As I stepped into the building housing the intensive care unit, another corpse was being taken out in a coffin-like wooden box. My heart was beating fast. I saw two people following the coffin, and deduced that they must be relatives of the dead patient. I was still not at ease.

I got to the intensive care unit, rang the bell and was ushered in immediately. I quickly checked Rachael’s bed space and it was empty. I asked the staff on duty about Rachael and they kept quiet.

“What is going on? Where is my wife? Where is she?” I was getting hysterical. One male nurse led me to the small adjoining room to deliver the bombshell.

“You see, we were not the ones on duty. From the hand over note, the people we took over from said she went into cardiac arrest and that they had tried to save her life but couldn’t”. He said calmly.

He did not make any sense to me.

“What exactly are you telling me? Where is my wife?”

“They have taken the body to the mortuary”.

I collapsed.

Minutes later, my sister-in-law called. She heard only my cries and alerted everyone.

Rachael died at 12.35 pm. I was listed as her next of kin with my telephone. Yet, the National Hospital did not call me until I showed up at 4 pm.

They would probably never have contacted me if I did not show up for days, weeks, months and years. Her body would have been declared “abandoned” and sold to body part merchants by callous mortuary attendants.

That Saturday evening, my brother-in-law led a team to inspect Rachael’s body at the mortuary. It was dumped on the floor in the same wooden box in which it was carried from the intensive care unit. There were several other bodies on the floor. The mortuary attendant, a young fearless fellow, had dozed off at the entrance. He said there was no space left.

One of the people who went with my brother-in-law called the attendant aside and greased his palm. Suddenly, a slot was found for Rachael. It was Cabin 19.

Rachael was born January 19, 1977. We got married October 19, 2002. She died August 29, 2009.

Two days after losing Rachael to cerebral malaria, I went to the intensive care unit of the National Hospital to sign the death certificate without which we could not carry the body for burial.

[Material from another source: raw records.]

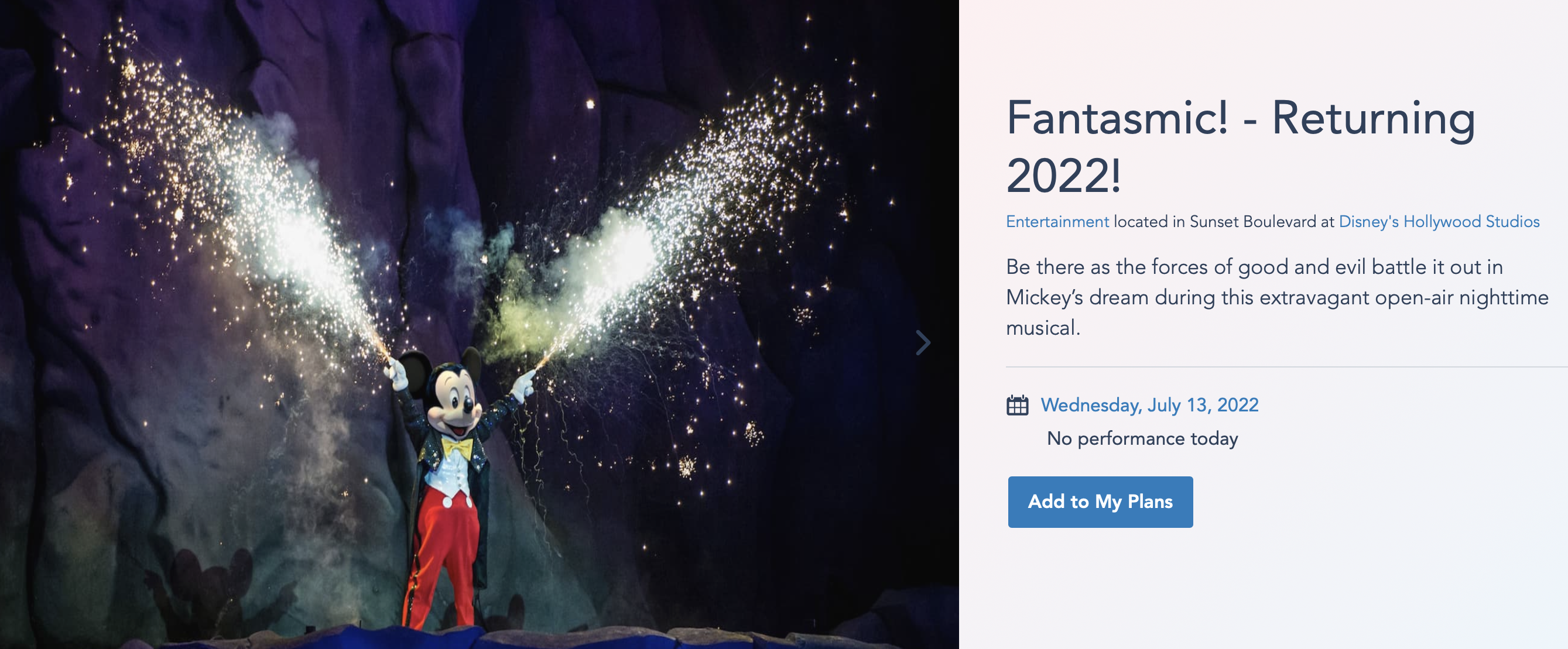 So, we know that Disney said Fantasmic! will open in 2022. And, in case you haven’t noticed, 2022 is over halfway over now, so it HAS to be coming back sometime between now and December, right?! Right.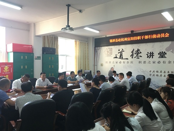 6月6日下午,锦屏县选派干部赴杭州富阳挂职工作行前动员会召开,赴富阳挂职的35名干部参加会议,并分别作表态
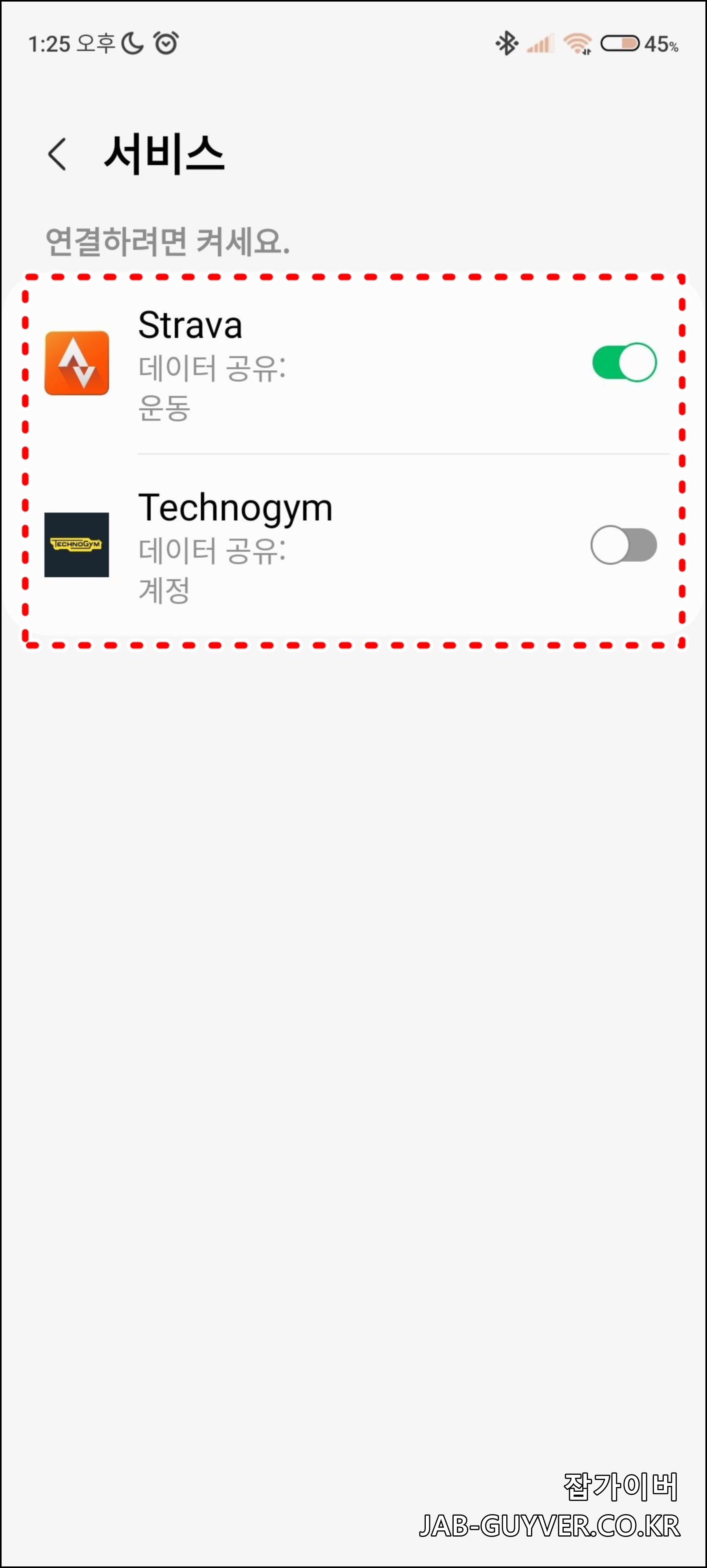 스트라바의 경우 서비스 탭에서 Strava 앱과 동기화 바로 할 수 있습니다.

“Oga, sorry. It’s God’s work”.

“God giveth and God taketh”.

“May her soul rest in peace”.

“May God help you raise the children”.

So, these people know God? Why didn’t this piousness reflect in the way they treat patients? In Nigeria, there is a wide gulf between what we claim to believe and what we actually do.

The hospital staff know that they will not be sued them. They know that most Nigerians do not have the patience to wait for as long as 20 years for justice. They prefer to take their cases to the court of the Almighty.

They know that whatever people sow they shall reap in this world. But this is not enough. We must cry out against injustice. We must fight for a country where people will no longer die needlessly every day.

Just before I took my leave of the pretenders at the intensive care unit, I asked why nobody had called to inform me about Rachael’s death.

“Oga, we don’t have credit”, someone said on behalf of the doctor, nurse and others on duty that day.